Point supervision is a form of weak supervision which has been used for training deep neural networks for tasks such as object detection [24, 25], semantic segmentation [25, 26] and object tracking [27, 28]. It involves pointing to objects of interest on an image using mouse clicks. Point supervision is significantly inexpensive and less time-taking to obtain, when compared to the conventional full supervision methods such as bounding box drawing and pixel-wise image labeling. In the context of object detection, point supervision can provide valuable information about the location of objects. Such location information can typically be used to train models with novel loss functions or incorporate multiple instance learning techniques. In terms of obtaining point supervision, the closest literature to our work is Papadopoulos et al. [24]. They propose a method to integrate point supervision to a Multiple Instance Learning (MIL) approach to train per-class SVMs for each object class, which is generally used for Weakly Supervised Object Localization (WSOL) [29, 30]. Similar to [24], we obtain point supervision in the form of object center clicks. However, instead of directly training an object detector using point supervision alone, we use it in conjunction with an active learning approach. Using point supervision alone limits the performance of the model and results in weak-learners since accurate labels are not provided to the model. Hence, we employ point supervision to help choose the best samples for which full supervision can be queried. To the best of our knowledge, our work is the first to use point supervision to assist an active learning approach to pick the most informative samples for labeling. In our paper, we use the terms weak labels to denote labels obtained through point supervision and strong labels to denote labels obtained through full supervision.

Active learning [31], an iterative training approach that curiously selects the best samples to train, has been shown to reduce labeled data requirement when training deep classification networks [32,33,34]. Research in the area of active learning for object detection [18, 35, 36] has been limited. These efforts propose various metrics to compute on the unlabeled data that help pick the best subsets to be labeled. However, they show results on standard public datasets like PASCAL VOC [37] and MS COCO [38]. In this study, we focus on object detection for agricultural crop datasets which have a few important differences from standard object detection datasets such as PASCAL VOC or MS COCO: (1) objects, generally, are of a single class or just a few classes, (2) number of objects per image are often high (25–100+), (3) objects can be under heavy occlusion due to factors like surrounding leaves, weed, shadows etc; and (4) background can often look like the foreground (e.g. green color). Owing to these factors, labeling crop images is tricky and time-consuming. Taking into account these important differences, we propose an active learning framework based on point supervision to reduce annotation efforts for panicle detection in crop images. We measure annotation cost in terms of time taken. Weakly supervised annotations such as object-center clicks take significantly less time to obtain when compared to regular bounding box annotations.

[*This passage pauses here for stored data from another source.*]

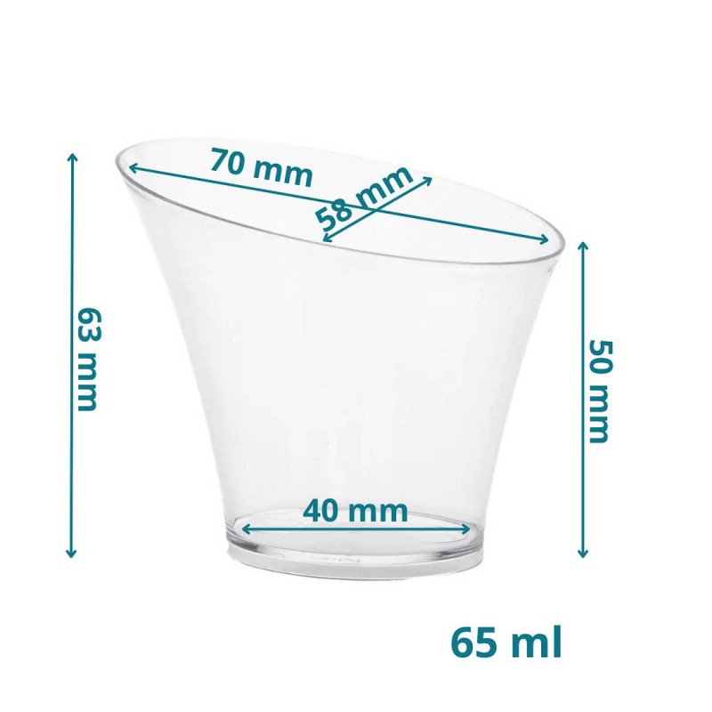 | ✔ Pojemność całkowita: 80 ml ✔ Pojemność użytkowa: 65 ml ✔ Materiał: polistyren (PS) ✔ Kształt: owalny ✔ Kolor: transparentny/przeźroczysty ✔ Certyfikaty: dopuszczone do kontaktu z żywnością, badania wykonane w polskich akredytowanych laboratoriach oraz potwierdzona zgodność wielokrotności z normą PN-EN 12875-1 ✔ Recykling: tworzywo PS nadające się do recyklingu - po wykorzystaniu może być selektywnie zbierane i przetwarzane ✔ Właściwości: grube, sztywne tworzywo, odporne na standardowe temperatury serwowania dań gorących i zimnych ✔ Ilość w opakowaniu: 16 szt. |
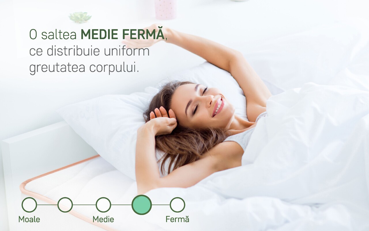 Este o saltea recomandata pentru toate pozitiile de dormit: pe spate, pe lateral si pe stomac.
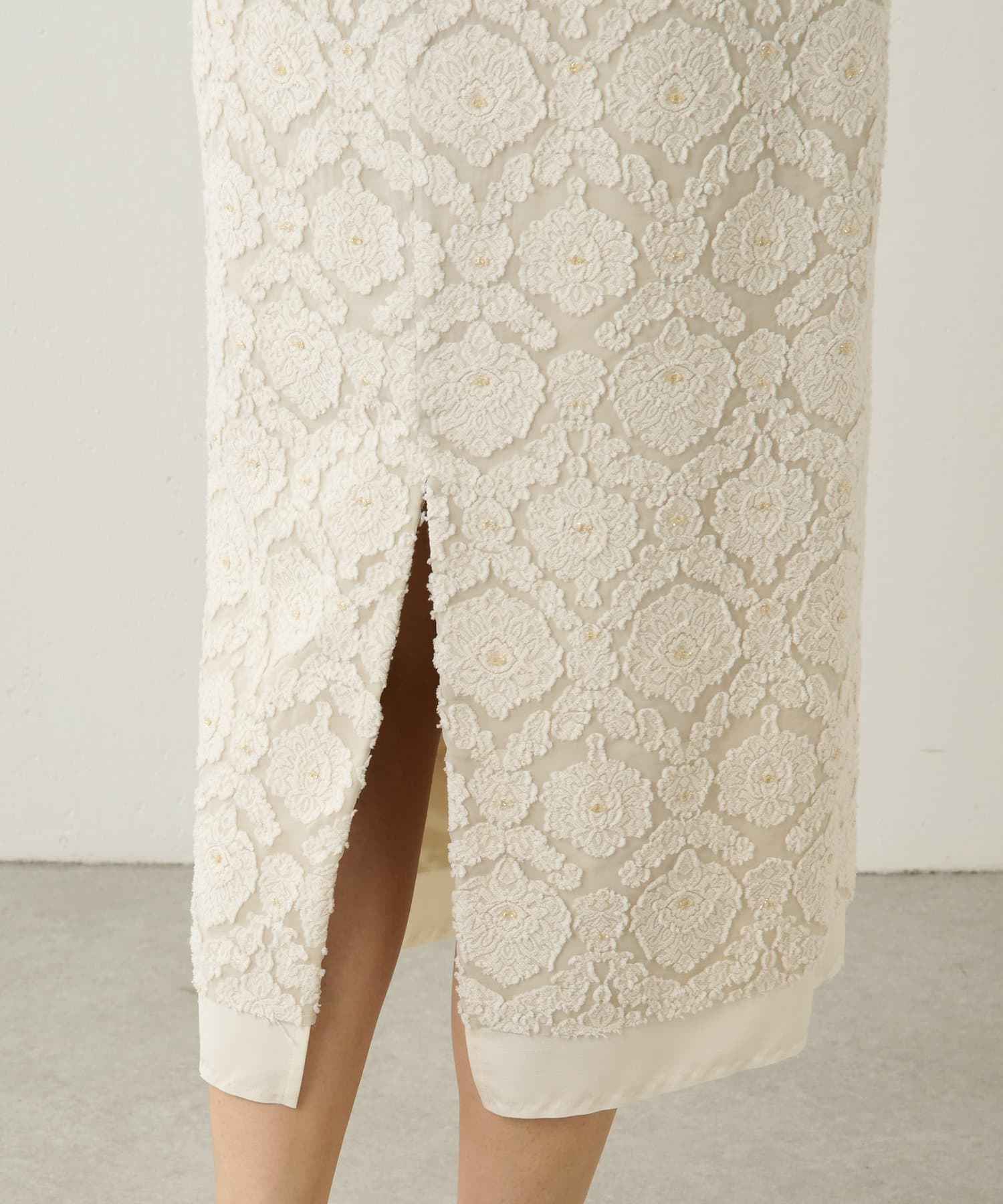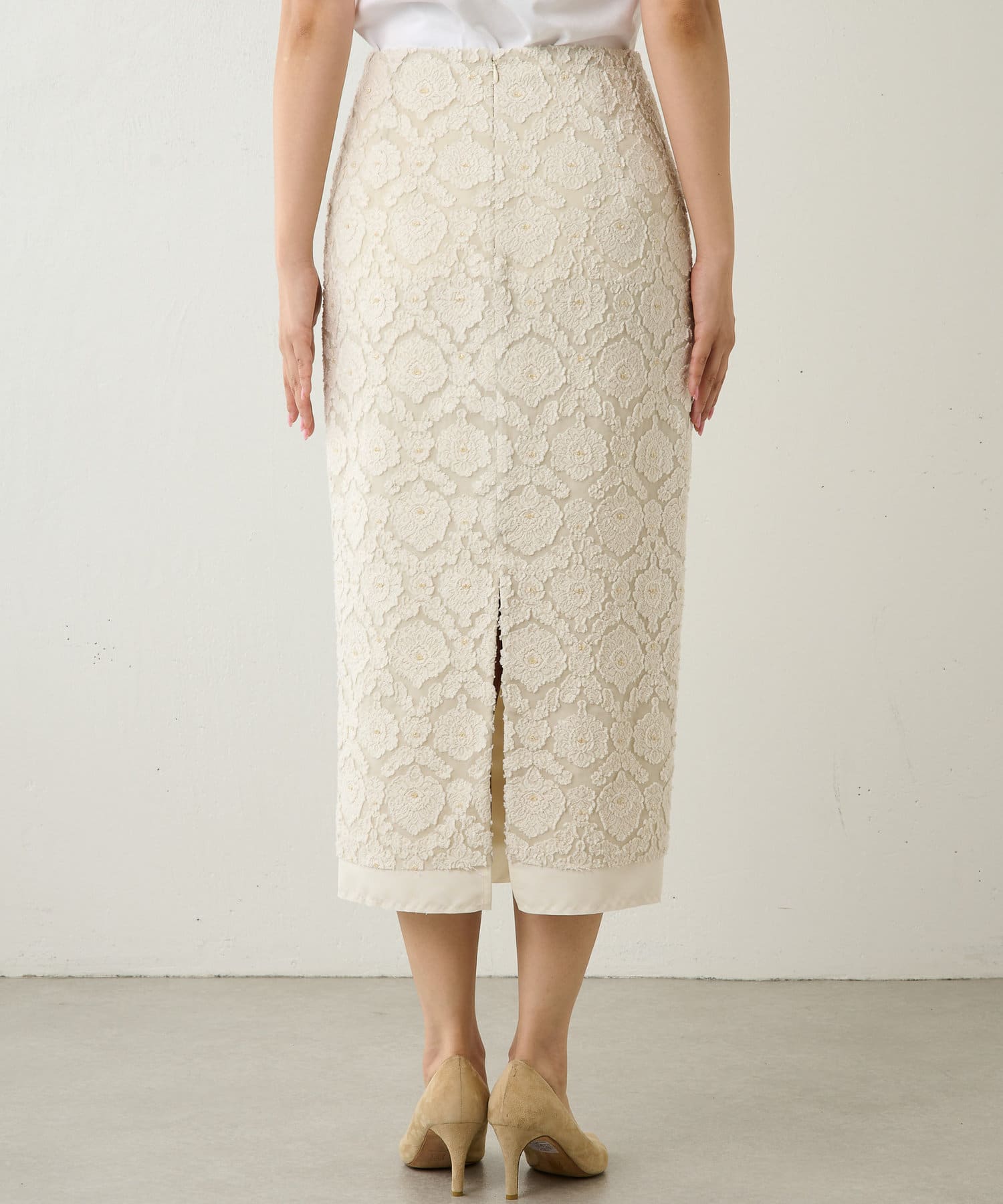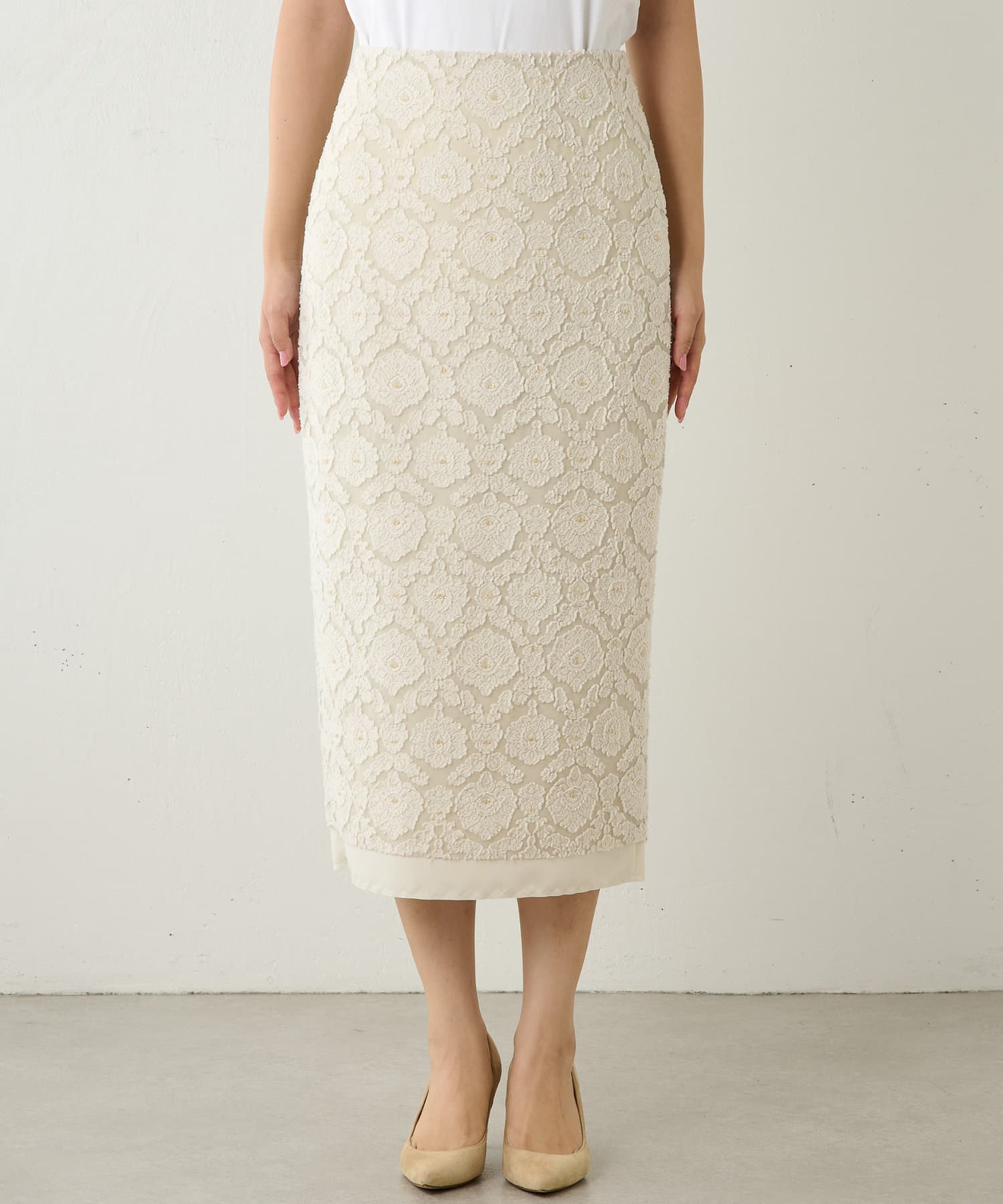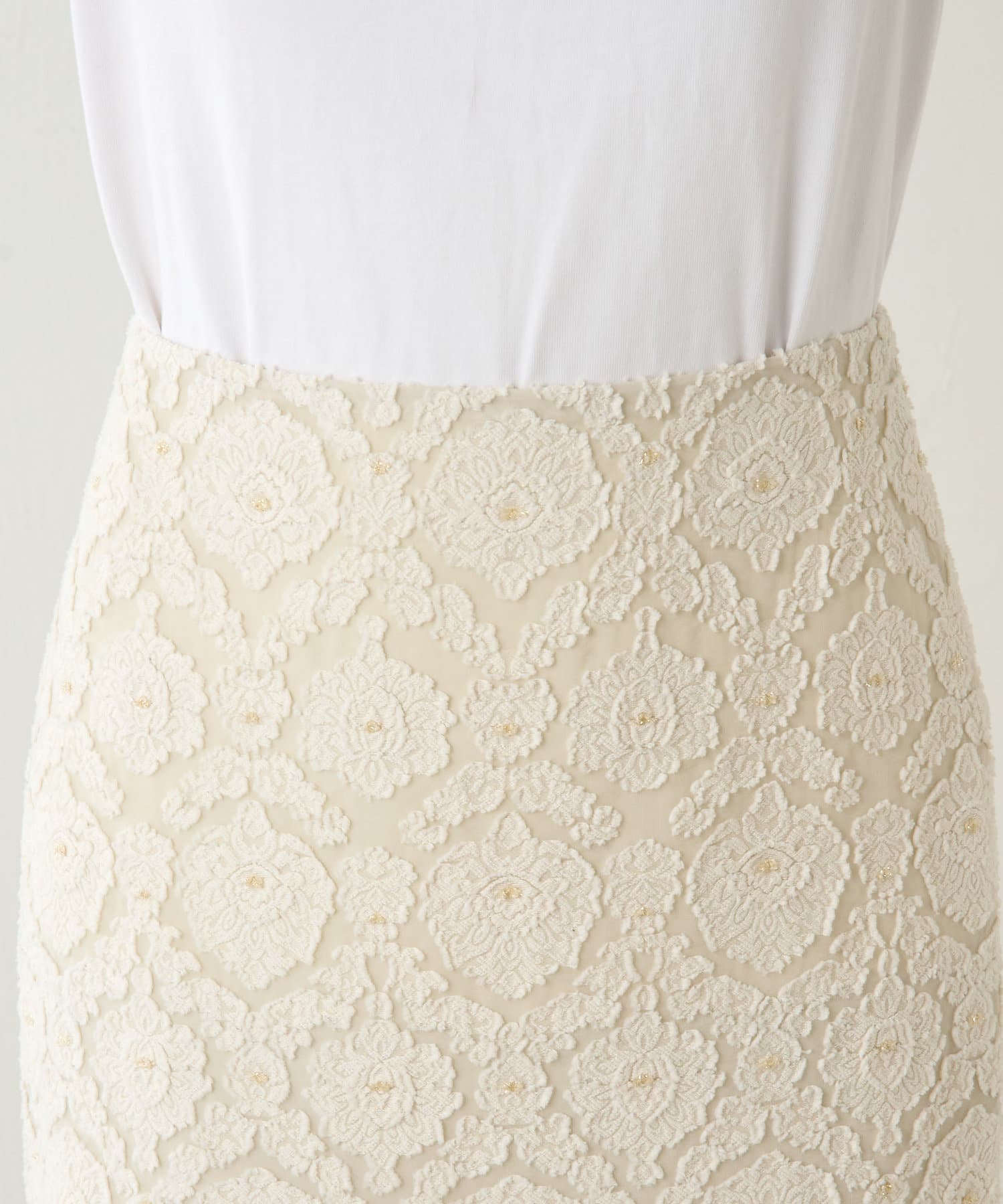 ■立体感のあるジャガード生地が華やかなタイトスカート。
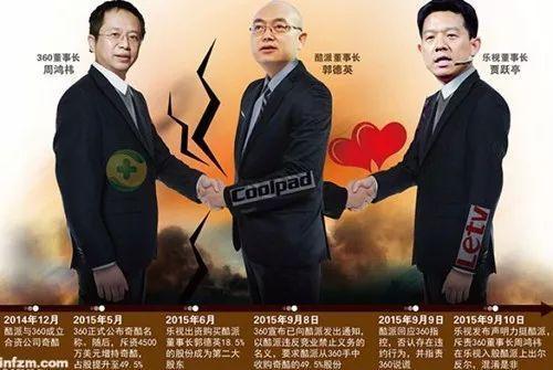 这一举动把周鸿祎气坏了,这就好比两个人谈恋爱,突然对方把第三者拉进了家门。由于乐视成了酷派的第二大股东,酷派又持有奇酷超过半数的股权,所以乐视也间接变成为了奇酷的股东。
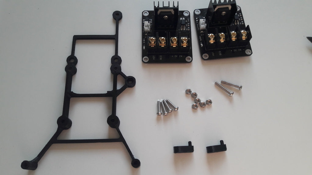 Dieser praktische Dual-MOSFET-Halter bietet eine stabile und übersichtliche Montagelösung für zwei MOSFETs (einen für das Heizbett und einen für das Hotend) auf Ihrem Anet A6 3D-Druckerrahmen. Der Halter wurde mit Fokus auf eine stilvolle Optik und optimale Kabelführung entwickelt und trägt so zu einem aufgeräumten, übersichtlichen Setup bei.
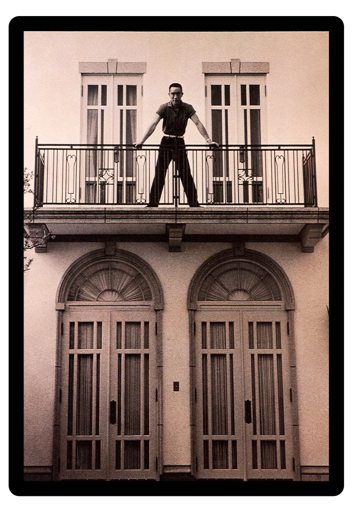 One recurring item you see Mishima wearing throughout the book and in photos elsewhere are polo shirts. His were quite eccentric by today’s standards, and were indicative of a more experimental period of mid-century design. This was a time when a polo may have been marketed as a ‘sport shirt’ or something along those lines. In the 1950’s through to the 1970’s, there was a lot of experimentation with certain details on these kinds of shirts, which you can see reflected in the styles worn by Mishima. In the book he is shown wearing one that has a very unique lace up collar. I suspect this was a detail appropriated from old Rugby shirts, so seeing it on a more ‘regular’ polo shirt with its finer cotton construction is quite unique (I have included another photo of him in a Black version that was found outside of the book).
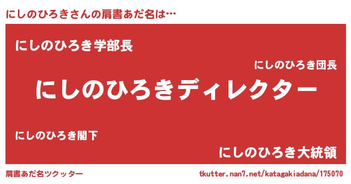 | 男性向けラノベタイトル風あだ名 | 『はたらくにしのひろきさま!』 |
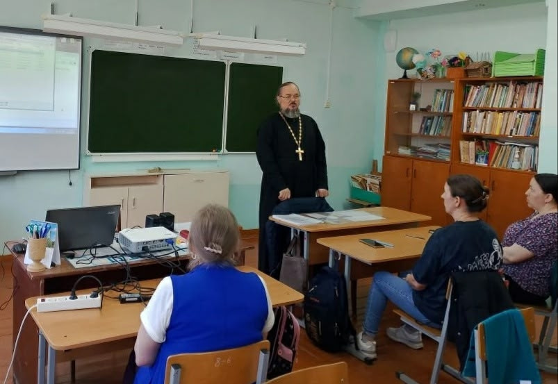 Для лучшего понимания родителями целей и содержания курса отец Виталий представил вниманию собравшихся видеоролик об учебном предмете «Основы православной культуры». После просмотра священник ответил на вопросы родителей, развеял возможные опасения и отметил, что выбор модуля – добровольное решение семьи, но знакомство с православной культурой помогает детям лучше понимать историю, литературу и искусство России.
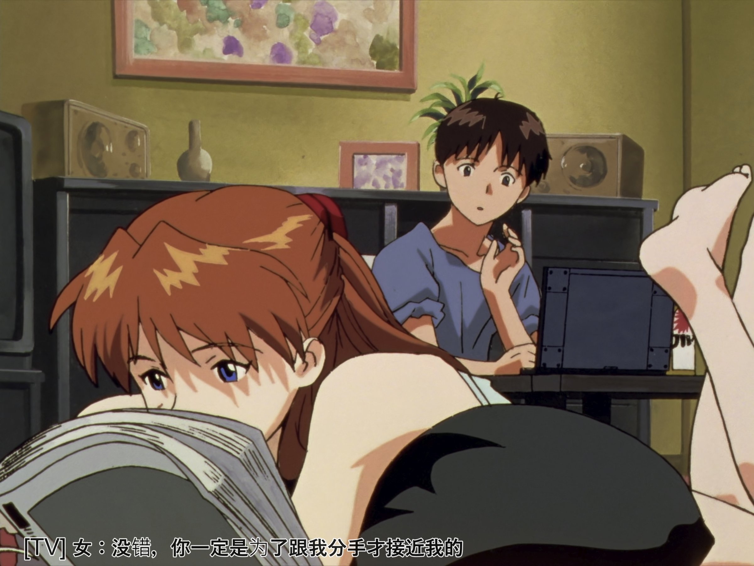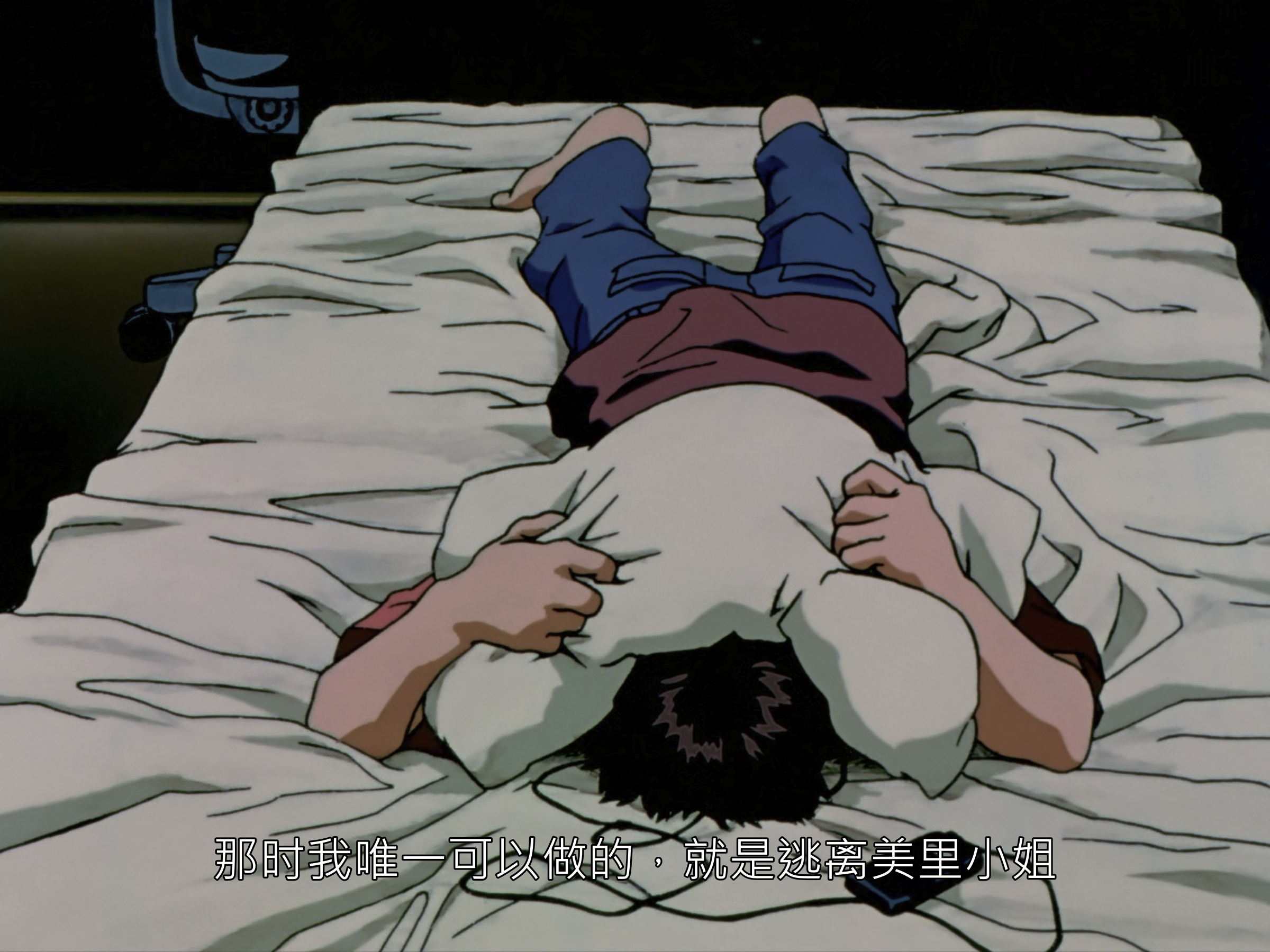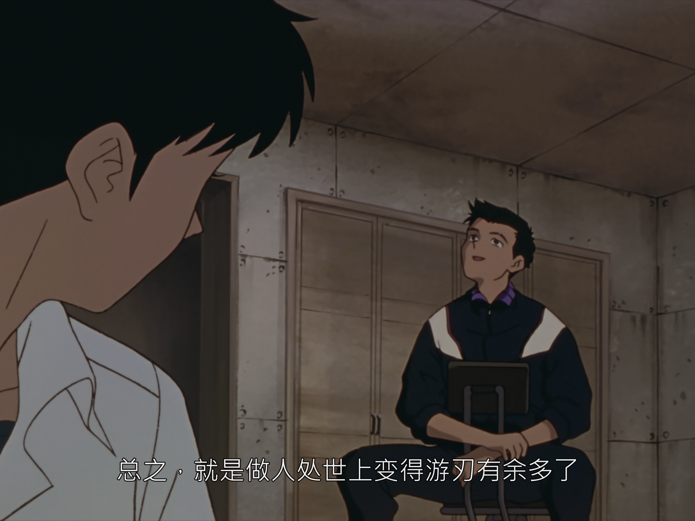 又钻牛角尖认为自己没价值了,以为抱着这种想法什么都不做便不会受伤吗,你就是藉由被别人称赞维持自己的存在啊,没有人愿意接受我,只是你自己这么深信吧。所以,我必须驾驶 EVA,那不过是你从一开始就深信自己没有价值吧,我不得不这么做,没这回事。
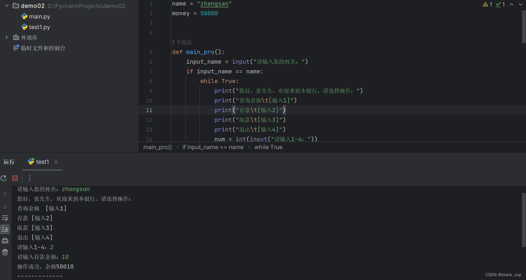 而且还有冗余代码,即取款存款结束后可以调取查询函数查询余额。

These clicks provide valuable localization cues to the object detection model in our framework. Formally, we define two forms of image annotation: (i) object center clicking (Type-1) and (ii) bounding box drawing (Type-2). To select the best subset of images to annotate, we incorporate point supervision into our active learning query function, which has never been done before to the best of our knowledge. In our setting, we train our model in a slightly varied version of standard pool-based active learning (see Figs. 1 and 2) where we obtain weak labels of the images samples from unlabeled pool and maintain a separate weak labeled pool. Our experiments show that using affordable-to-obtain weak labels can be used to create better query functions to find out the most informative samples, leading to a reduction in annotation costs. Our methodology can be seamlessly extended to any crop detection task other than panicle detection.

Fig. 1
figure 1

Standard pool-based active learning cycle. The most informative images are actively sampled from the unlabeled pool and are queried for annotation

Fig. 2
figure 2

Proposed pool-based active learning cycle. We introduce point supervision into the pool-based active learning cycle

Methodology

Annotation methods

Throughout our experiments, our image annotator a.k.a oracle provides annotations of objects of interest in images in two ways. These two methods differ in terms of the label quality and cost (in time units). Estimation of labeling costs of these methods is discussed in “Experimental setup” section. See Fig. 3 for visual illustration of these methods.

Fig. 3
figure 3

Annotation methods. Type-1 annotation includes weak labeling (top) and Type-2 annotations include strong labeling given weak labels (bottom)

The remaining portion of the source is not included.